In summary, we identified that behavior of a voice assistant should be a moderate one, under various scenarios; the expression can vary up to only a certain range. User and assistant’s mood space should be as congruent as possible for being a reactive companion but not an over-reactive one. The voice assistant is expected to be very proactive and must interrupt the user immediately if the matter is more urgent and important than current task. Voice Assistant must avoid all updates from outside and become a single accessible point for all updates at a later stage. Preferred time to give updates/notifications is when user is switching from an ongoing task to another. From the personality aspect we found that the overall results from the personality elicitation exercise was quite similar to the actual behavior exhibited by the human personal assistants in the workplace. Voice assistant was expected not to be over sympathetic; and inventiveness comes out to be a much desired one.

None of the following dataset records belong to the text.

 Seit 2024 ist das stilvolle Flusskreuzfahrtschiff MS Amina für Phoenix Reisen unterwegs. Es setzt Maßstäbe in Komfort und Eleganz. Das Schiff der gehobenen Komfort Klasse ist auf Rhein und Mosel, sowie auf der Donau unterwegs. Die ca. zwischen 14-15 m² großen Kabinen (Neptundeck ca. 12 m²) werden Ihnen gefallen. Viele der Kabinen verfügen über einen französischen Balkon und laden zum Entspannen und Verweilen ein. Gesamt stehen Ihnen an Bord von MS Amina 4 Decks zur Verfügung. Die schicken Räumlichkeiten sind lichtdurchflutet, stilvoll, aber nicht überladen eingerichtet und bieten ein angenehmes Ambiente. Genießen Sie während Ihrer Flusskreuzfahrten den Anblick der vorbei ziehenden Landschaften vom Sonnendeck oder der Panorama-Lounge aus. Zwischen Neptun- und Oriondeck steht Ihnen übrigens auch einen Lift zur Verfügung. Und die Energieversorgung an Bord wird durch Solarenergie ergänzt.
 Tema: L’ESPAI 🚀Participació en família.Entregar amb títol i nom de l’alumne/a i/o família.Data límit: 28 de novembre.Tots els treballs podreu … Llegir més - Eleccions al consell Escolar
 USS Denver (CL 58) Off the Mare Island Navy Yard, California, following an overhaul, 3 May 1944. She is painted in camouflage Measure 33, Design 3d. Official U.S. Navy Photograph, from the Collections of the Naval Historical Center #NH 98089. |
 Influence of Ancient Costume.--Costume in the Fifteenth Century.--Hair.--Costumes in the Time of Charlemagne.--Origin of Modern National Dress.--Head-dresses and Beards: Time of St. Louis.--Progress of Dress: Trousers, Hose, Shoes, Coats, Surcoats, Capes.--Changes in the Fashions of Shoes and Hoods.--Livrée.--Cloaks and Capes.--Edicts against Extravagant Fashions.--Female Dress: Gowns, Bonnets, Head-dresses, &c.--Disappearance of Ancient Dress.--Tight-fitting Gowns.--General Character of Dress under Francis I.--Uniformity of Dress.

In the dialogue co-creation activities, a preference in the informality of language was primarily noted. From the responses of the participants in this activity we were able to formulate few guidelines to design natural responses for the voice assistant with use of various languages and linguistic constructs like hedges, discourse makers, intonations, pauses, stresses, etc. For instance, interjections should be used with newly introduced contexts, must immediately follow user’s query and must be uttered with high speech rate. It should mostly be avoided for ongoing dialogue context. Pauses are expected before giving alternatives, suggestions or making any enquiry from the user. Speech Rate could be fast for commonly used statements, but slower while asking any user’s decision or updating any information such as date, time, status, etc.

Finally, with all the design guidelines, dialogues and personality definitions evolved from our research we designed the prototype of the natural voice assistant avatar. Going forward, we plan to extend this work with participants from few other geographical origins to consider cultural sensitivity in the design. Next goal would also be to perform experimental evaluation of the voice assistant prototype with the users.